>>>

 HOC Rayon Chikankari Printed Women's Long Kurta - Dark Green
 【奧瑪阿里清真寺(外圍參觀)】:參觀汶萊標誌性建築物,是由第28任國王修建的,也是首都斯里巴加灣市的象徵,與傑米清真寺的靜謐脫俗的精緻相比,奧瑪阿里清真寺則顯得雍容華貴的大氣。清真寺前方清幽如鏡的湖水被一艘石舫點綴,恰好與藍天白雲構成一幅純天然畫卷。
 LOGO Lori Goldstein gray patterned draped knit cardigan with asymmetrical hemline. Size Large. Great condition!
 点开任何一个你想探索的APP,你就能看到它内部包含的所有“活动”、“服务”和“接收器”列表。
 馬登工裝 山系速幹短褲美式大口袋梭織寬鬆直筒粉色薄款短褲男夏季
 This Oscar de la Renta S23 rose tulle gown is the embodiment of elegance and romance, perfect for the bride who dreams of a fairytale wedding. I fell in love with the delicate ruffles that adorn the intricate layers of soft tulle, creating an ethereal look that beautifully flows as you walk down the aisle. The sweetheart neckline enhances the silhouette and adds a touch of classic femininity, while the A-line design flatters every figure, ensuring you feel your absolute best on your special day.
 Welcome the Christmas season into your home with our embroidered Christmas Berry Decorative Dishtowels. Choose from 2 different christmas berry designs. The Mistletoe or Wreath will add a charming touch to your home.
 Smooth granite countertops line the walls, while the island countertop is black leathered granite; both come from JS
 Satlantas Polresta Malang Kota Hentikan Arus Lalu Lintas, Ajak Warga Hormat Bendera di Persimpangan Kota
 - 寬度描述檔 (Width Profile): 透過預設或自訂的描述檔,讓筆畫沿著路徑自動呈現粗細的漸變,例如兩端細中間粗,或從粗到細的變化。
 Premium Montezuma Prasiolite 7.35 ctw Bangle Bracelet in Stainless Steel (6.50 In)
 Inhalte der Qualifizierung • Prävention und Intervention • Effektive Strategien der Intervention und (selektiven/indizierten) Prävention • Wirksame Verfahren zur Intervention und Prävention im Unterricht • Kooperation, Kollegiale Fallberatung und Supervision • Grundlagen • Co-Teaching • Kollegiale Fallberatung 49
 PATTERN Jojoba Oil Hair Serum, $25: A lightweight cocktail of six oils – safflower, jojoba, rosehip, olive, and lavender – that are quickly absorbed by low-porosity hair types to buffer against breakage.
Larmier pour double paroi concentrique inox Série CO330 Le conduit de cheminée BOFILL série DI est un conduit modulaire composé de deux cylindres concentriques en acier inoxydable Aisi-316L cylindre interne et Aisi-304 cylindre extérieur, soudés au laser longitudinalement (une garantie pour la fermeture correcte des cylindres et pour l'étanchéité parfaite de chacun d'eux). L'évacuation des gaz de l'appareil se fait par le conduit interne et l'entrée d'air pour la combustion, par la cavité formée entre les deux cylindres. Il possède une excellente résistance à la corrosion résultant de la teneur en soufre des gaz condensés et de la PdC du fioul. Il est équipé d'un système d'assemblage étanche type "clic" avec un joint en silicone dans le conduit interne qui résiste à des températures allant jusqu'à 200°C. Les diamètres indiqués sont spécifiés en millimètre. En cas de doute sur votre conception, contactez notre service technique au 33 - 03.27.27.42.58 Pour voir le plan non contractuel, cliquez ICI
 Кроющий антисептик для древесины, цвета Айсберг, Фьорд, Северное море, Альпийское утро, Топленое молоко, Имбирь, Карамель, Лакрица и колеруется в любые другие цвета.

<<<

§ **Exercise description**
Which lines of the data contain the string "from"? Copy each of them.

§ **Expected answer**
 Welcome the Christmas season into your home with our embroidered Christmas Berry Decorative Dishtowels. Choose from 2 different christmas berry designs. The Mistletoe or Wreath will add a charming touch to your home.
 Smooth granite countertops line the walls, while the island countertop is black leathered granite; both come from JS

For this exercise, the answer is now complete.